Here I worked diligently, like a giant mechanical octopus turned
inside out, my body now consisting of a cluster of industrial arms
mounted around the periphery of the room facing in to meet at the center.
Looking for a moment downward from the ceiling above, I reflected with
amusement on the similarity of the scene to some then-futuristic vision
of a robotic surgeon--for in the center of the room I was operating on
another body, bipedal though not quite of human form.

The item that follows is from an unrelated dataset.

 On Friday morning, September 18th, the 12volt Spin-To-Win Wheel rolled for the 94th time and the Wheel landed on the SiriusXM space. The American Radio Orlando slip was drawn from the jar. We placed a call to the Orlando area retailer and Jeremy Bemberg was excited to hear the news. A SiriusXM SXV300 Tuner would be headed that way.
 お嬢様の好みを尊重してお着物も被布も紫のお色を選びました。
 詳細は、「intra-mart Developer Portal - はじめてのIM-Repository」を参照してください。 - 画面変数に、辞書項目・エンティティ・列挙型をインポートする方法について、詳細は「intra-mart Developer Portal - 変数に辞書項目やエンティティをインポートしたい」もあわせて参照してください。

I wondered then, would I some day be operating on human flesh this way,
saving human lives, or would flesh become obsolete first?
This semi-human
form on my workbench was but a crude robot, suffering the final
stages of assembly, a first prototype of our first free-standing android,
and my first hope of standing on my own two feet again, of moving beyond the
confines of these rooms (or wherever I could convince a human to place a
camera for me). Ah, but for true autonomy, the ability to go somewhere
without the involvement of anyone else. This craving drove my fervor,
and I worked hard and fast, for I could almost taste the freedom now.

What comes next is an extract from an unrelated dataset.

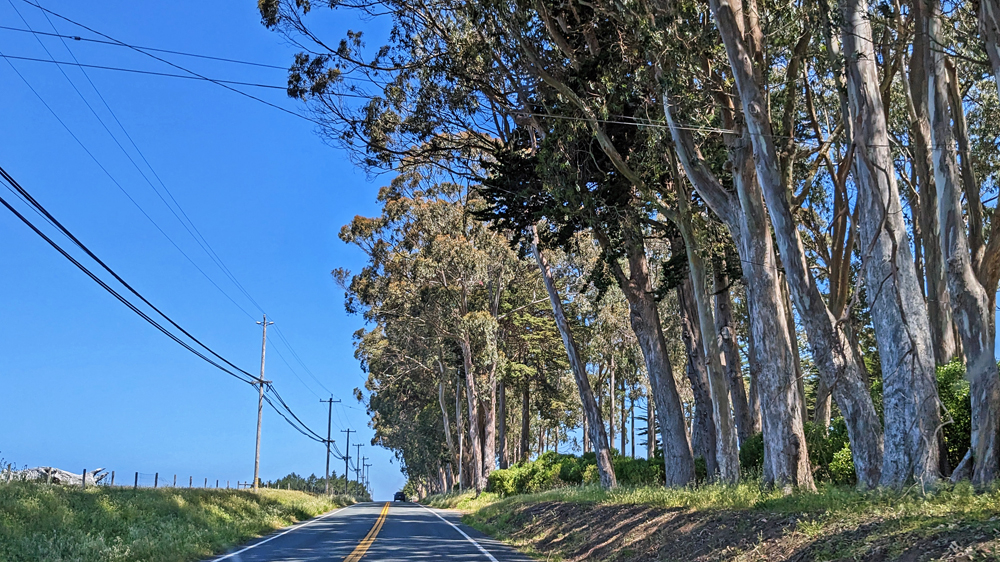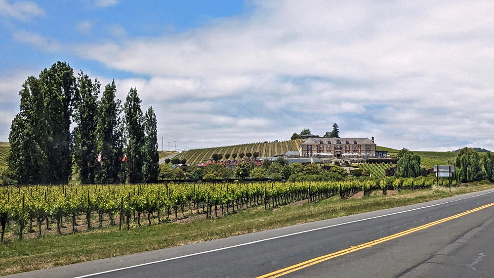 Nun sind wir wieder erholt und motiviert, endlich an die Küste zu fahren! Wir durchqueren dabei die südlichen Ausläufer der für ihren Weinbau berühmten Napa und Sonoma Valleys, die uns mit ihren vielen Hügeln und im Aussehen etwas an die Toscana erinnert. Wir passieren viele Weinberge und – oft in europäischer Architektur erbaute – Weingüter, aber auch Wälder und ausgedehnte Weiden.

But then something caught my attention, or at least a little piece of
it. I offered up a bit of my mind to the lecture in progress,
which had just switched to a question and answer phase. I knew by now
Michael could deliver the talks on his own, but he still occasionally
needed my help fielding questions.
"Mr. Allen, you mentioned that in order to prevent eventual
micro-contamination of your cooling channels, the entire system
is closed. Yet, I don't recall seeing in any of your diagrams
or cross-sections any sort of pump to move the coolant."
"Good observation," Michael said.
Through his ear piece, I said, "The patent is filed, you can tell him."
He could field
this sort of question just fine. We'd been filing patents on
as many trivial aspects of our technologies as possible, so that
we would have something to discuss publicly, while the real
meat remained our trade secrets.
"In fact there is a pump," Michael said, "just not where you
would expect it. The capillaries of the system are lined
with a slightly piezoelectric material in which we set up a traveling
wave. In effect, this 'milks' the coolant through the microscopic
capillaries, resulting in a substantial aggregate flow at the artery
level."
Nods and murmurs spread in the room.
"The first time we
tested this," he went on, with a bit of a smirk, "we had all this
sensitive equipment hooked up to measure the tiniest flow." At this
point his hands were pantomiming in front of him as if he were unwrapping
a sandwich. "But when we hit the switch, the coolant
shot right out of the device and hit me square in the forehead!"
Much laughter from the audience as Michael feigned disgust and shook his
hands clean. "It was then that I really started thinking of this
project as a son." The crowd was aglow.
I refrained from groaning in his ear at this exchange. No such event
ever happened, but it would give people a story to tell and Michael
knew that. People just liked to listen to him, to watch him on stage.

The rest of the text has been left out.